B. Extracting Structured Data

This segment demonstrates how to force the LLM to return data in a specific schema (JSON) and convert it immediately into R objects like lists or data frames.

library(ellmer)

# 1. Simple Scalar Extraction
# Extracting specific fields from a messy string.
chat <- chat_ollama(model = "gemma3")

text_input <- "My name is Susan and I'm 13 years old."
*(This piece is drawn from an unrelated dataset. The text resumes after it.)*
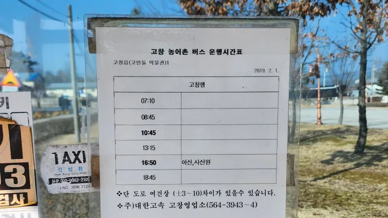 고인돌박물관에서 고창 터미널로 돌아오는 버스는
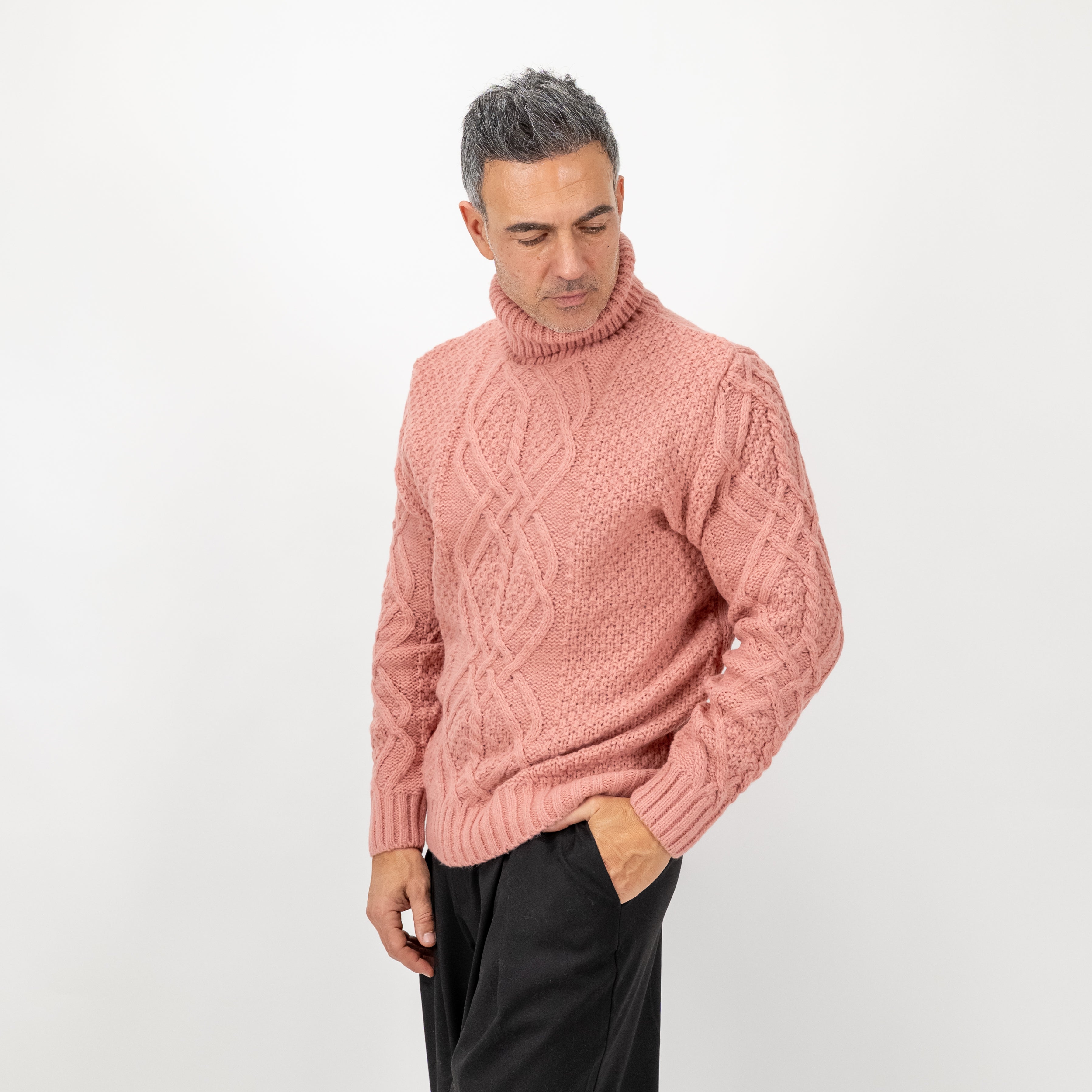 Maglione da uomo con collo alto, realizzato con elegante trama a treccia che dona carattere e raffinatezza al capo. Il design avvolgente assicura comfort e protezione nelle giornate più fredde, mentre la lavorazione a rilievo aggiunge un tocco di stile senza risultare eccessiva.

result_scalar <- chat$chat_structured(
  text_input,
  type = type_object(
    name = type_string(),
    age = type_number()
  )
)

print(result_scalar)
$name
[1] "Susan"

$age
[1] 13
# 2. extracting a Data Frame (Rows and Columns)
# We use type_array(type_object(...)) to create a table structure.
unstructured_data <- r"(
* John Smith. Age: 30. Height: 180 cm. Weight: 80 kg.
* Jane Doe. Age: 25. Height: 5'5". Weight: 110 lb.
* Jose Rodriguez. Age: 40. Height: 190 cm. Weight: 90 kg.
)"

# Define the schema
type_people <- type_array(
  type_object(
    name = type_string(),
    age = type_integer(),
    height = type_number(description = "height in meters"),
    weight = type_number(description = "weight in kg")
  )
)

# Extract
df_result <- chat$chat_structured(unstructured_data, type = type_people)

print(df_result)
# A tibble: 3 × 4
  name             age height weight
  <chr>          <int>  <dbl>  <dbl>
1 John Smith        30  180       80
2 Jane Doe          25    5.5    110
3 Jose Rodriguez    40  190       90
# 3. Handling Missing Values
# Setting required = FALSE allows for NAs if data is missing.
chat$chat_structured(
  "My name is Alex.",
  type = type_object(
    name = type_string(),
    age = type_number(required = FALSE)
  )
)
$name
[1] "Alex"

$age
NULL

C. Tool Calling

This segment shows how to define a custom R function, register it as a tool, and allow the LLM to decide when to call it. We need a model which is capable of running tools. llama3.1 is one of the models we could use. You can download it with ollama pull llama3.1 in the command line.2

library(ellmer)

# 1. Define a standard R function
get_current_time <- function(tz = "UTC") {
  format(Sys.time(), tz = tz, usetz = TRUE)
}

# 2. Wrap the function with metadata using tool()
# This tells the LLM what the function does and what arguments it needs.
tool_time <- tool(
  get_current_time, 
  name = "get_current_time", 
  description = "Returns the current time.", 
  arguments = list(
    tz = type_string("Time zone to display (e.g., 'EST', 'GMT')", required = FALSE)
  )
)

# 3. Register the tool with the chat object
chat_tools <- chat_ollama(model = "llama3.1")
chat_tools$register_tool(tool_time)

# 4. Ask a question that requires the tool
# The LLM will pause, request the tool execution, receive the result, and answer.
response <- chat_tools$chat("What time is it right now in London?")
◯ [tool call] get_current_time(tz = "GMT")
● #> 2026-02-24 18:57:45 GMT
The current time in London (GMT) is 18:57.
print(response)
The current time in London (GMT) is 18:57.
# 5. Inspect the history to see the tool call
print(chat_tools)
<Chat Ollama/llama3.1 turns=4 input=275 output=33>
── user ────────────────────────────────────────────────────────────────────────
What time is it right now in London?
── assistant [input=168 output=18] ─────────────────────────────────────────────

[tool request (call_l1agyrfq)]: get_current_time(tz = "GMT")
── user ────────────────────────────────────────────────────────────────────────
[tool result  (call_l1agyrfq)]: 2026-02-24 18:57:45 GMT
── assistant [input=107 output=15] ─────────────────────────────────────────────
The current time in London (GMT) is 18:57.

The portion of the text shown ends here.